基于SpringBoot+Vue2的大数据职业能力分析平台_vue2数据分析系统页面-CSDN博客

本文链接：https://blog.csdn.net/Sophia2021XJTU/article/details/137981675

基于SpringBoot+Vue2的大数据职业能力分析平台

这是我们实习期间小组完成的小项目。前端和后端分开上传在两个github中。

前端部分链接：GitHub - Seeking-L/CareerCraftHub-Vue2: CareerCraftHub，2023-2024冬季小学期，小组项目的前端页面部分（Vue2）

后端部分链接：Seeking-L/CareerCraftHub-Server: CareerCraftHub，2023-2024冬季小学期，小组项目的Server部分（Java：SpringBoot+MyBatis、少量Python） (github.com)

记得点Star!!!

我们项目大致可以分成三个部分：

python部分
前端Vue2
后端SpringBoot + MyBatis + MySQL

项目开发时我们经验不足，平时学校比较注重理论，所以我们的项目有很多不足之处。

我们的python部分是用Java来调用的，并没有做到实时分析。

我们前端的大数据展示部分其实很多都是抄了CSDN上其他博主的代码。

表面上说是大数据其实数据大概只有几千。。

代码中有一些小bug，因为时间关系没有来得及修复。但是能跑ε=ε=ε=(_￣▽￣)
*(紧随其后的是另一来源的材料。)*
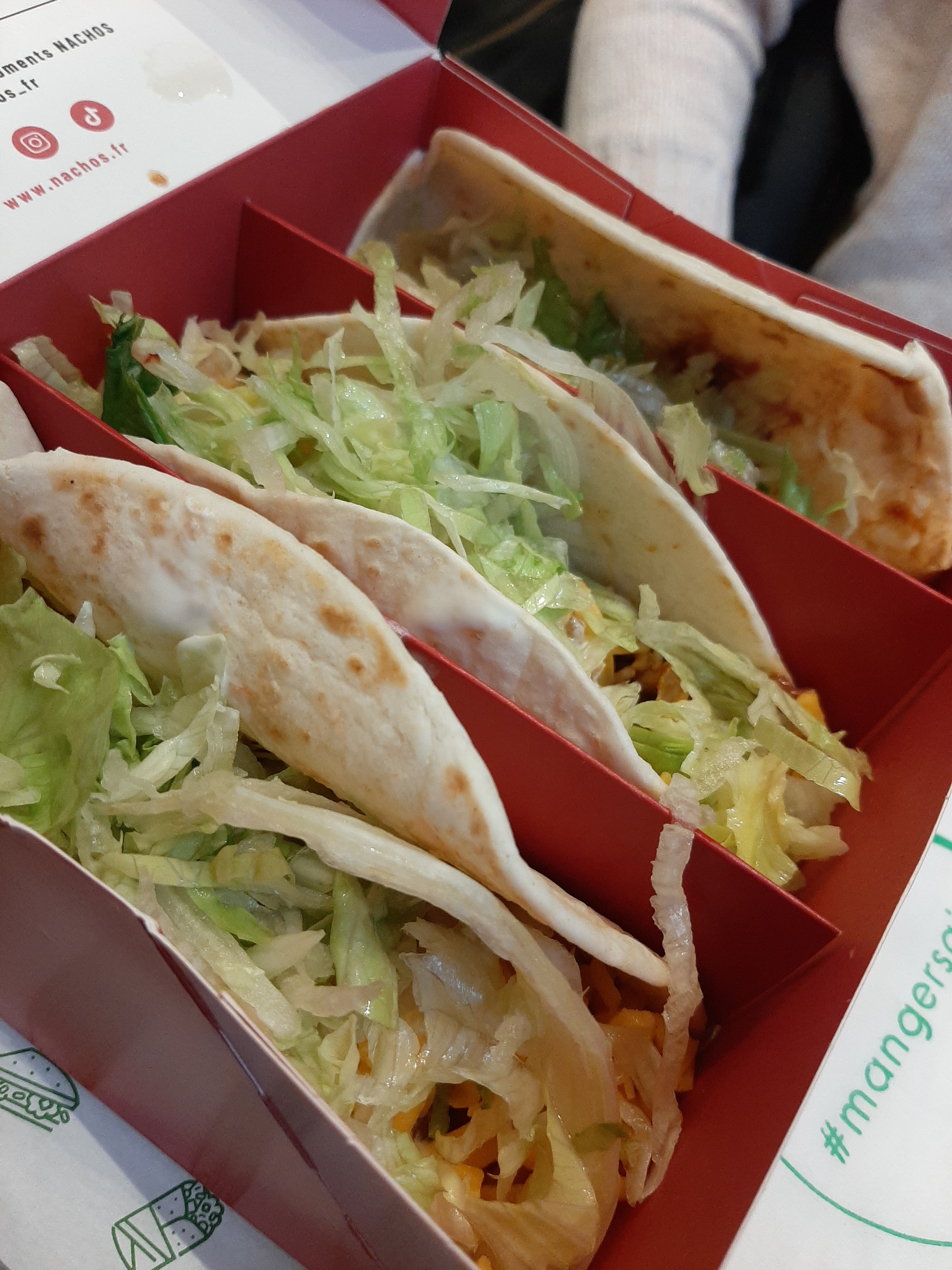 Super expérience pour notre première à Nachos. Venus en famille un midi des vacances, nous avons découvert un endroit super sympa : d'excellents tacos autant appréciés par les grands que les enfants, un lieu très agréable et surtout un personnel au top, sympas, efficaces et très commerçants. On recommande !
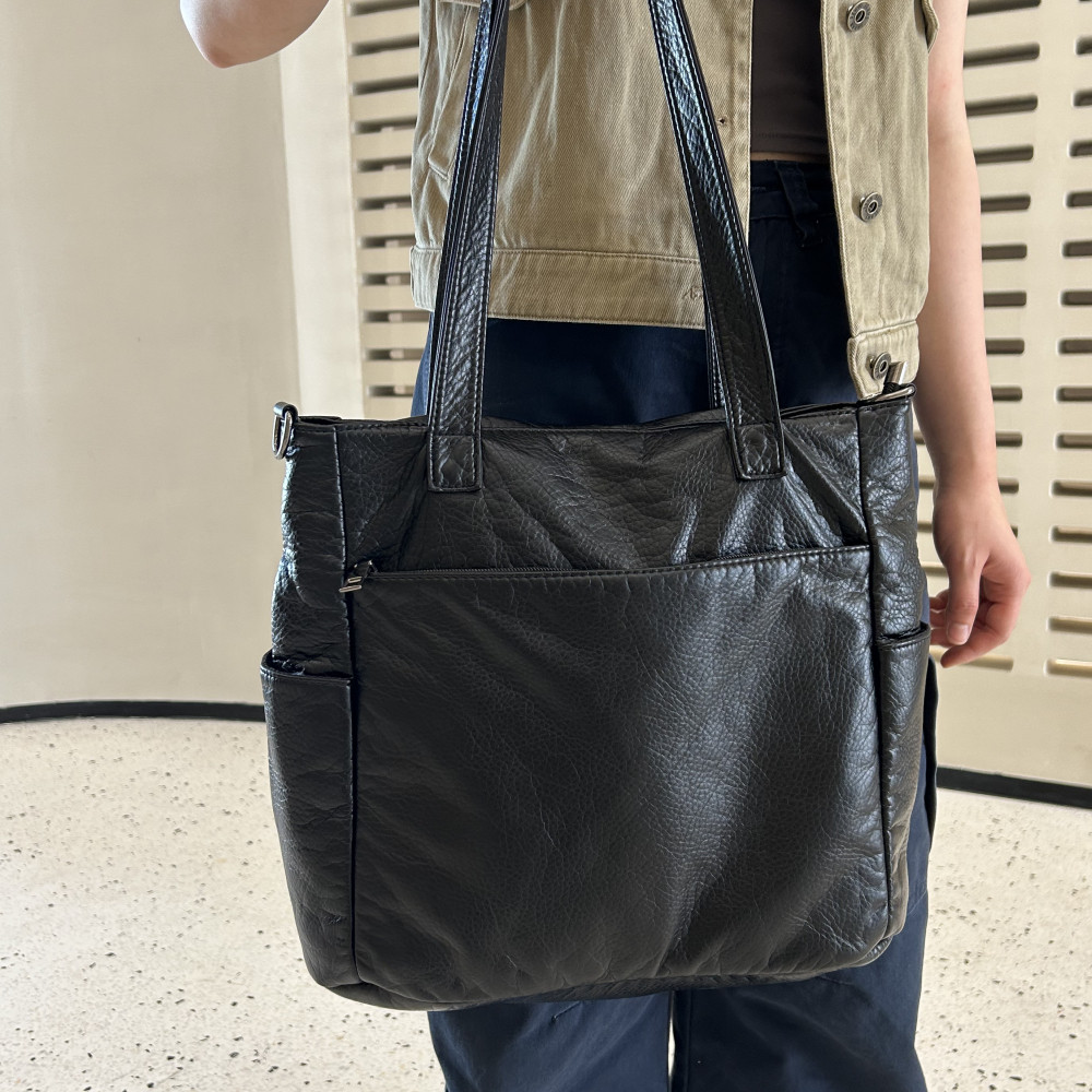 真皮软皮大容量单肩包2025新款通勤托特女包简约百搭腋下手提大包

我在项目中负责主要的后端开发和一小部分python爬虫o(￣▽￣)ブ

一、模块介绍

1.1 注册模块

输入用户名、密码、手机号，点击获取验证码，输入验证码完成注册。

1.2 登录模块

输入已注册的手机号和密码，即可登录。

1.3 首页

欢迎语、简介。（其实是GPT生成的）

1.4 论坛模块

实现分类搜索、帖子展示、关键词检索、发布新帖子、翻页功能。

1.5 统计模块

分析并展示部分省最低工资与最高工资对比图、各类学习视频收藏数量统计图、各省各行业职位数量大地图、个人简历评分、学习视频2022-2023数量统计图、平均月薪前10行业柱状图薪资范围与行业关系图、学习资料标题词云图。
统计1
统计2

1.6 工作模块

实现不同行业工作分类展示、求职页面跳转、关键词检索。
在这里插入图片描述

1.7 学习资料模块

在这里插入图片描述
记得点Star!!!
学习资料

1.8 简历解析模块

利用大模型对用户简历进行分析，提供用户简历评价、学习建议、职业规划建议。

（其实是调用文心一言）
简历解析

1.9 用户主页模块

提供个人简历修改、导出个人简历pdf文件、发帖记录功能。
在这里插入图片描述

记得点Star!!!

在这里插入图片描述

二、Python部分

用Python的代码有：

爬虫
调用文心一言
生成pdf简历

记得点Star!!!

2.1 爬虫

下面是岗位内容的爬取部分代码：

# Selenium模块是一个自动化测试工具，能够驱动浏览器模拟人的操作，如单击、键盘输入等。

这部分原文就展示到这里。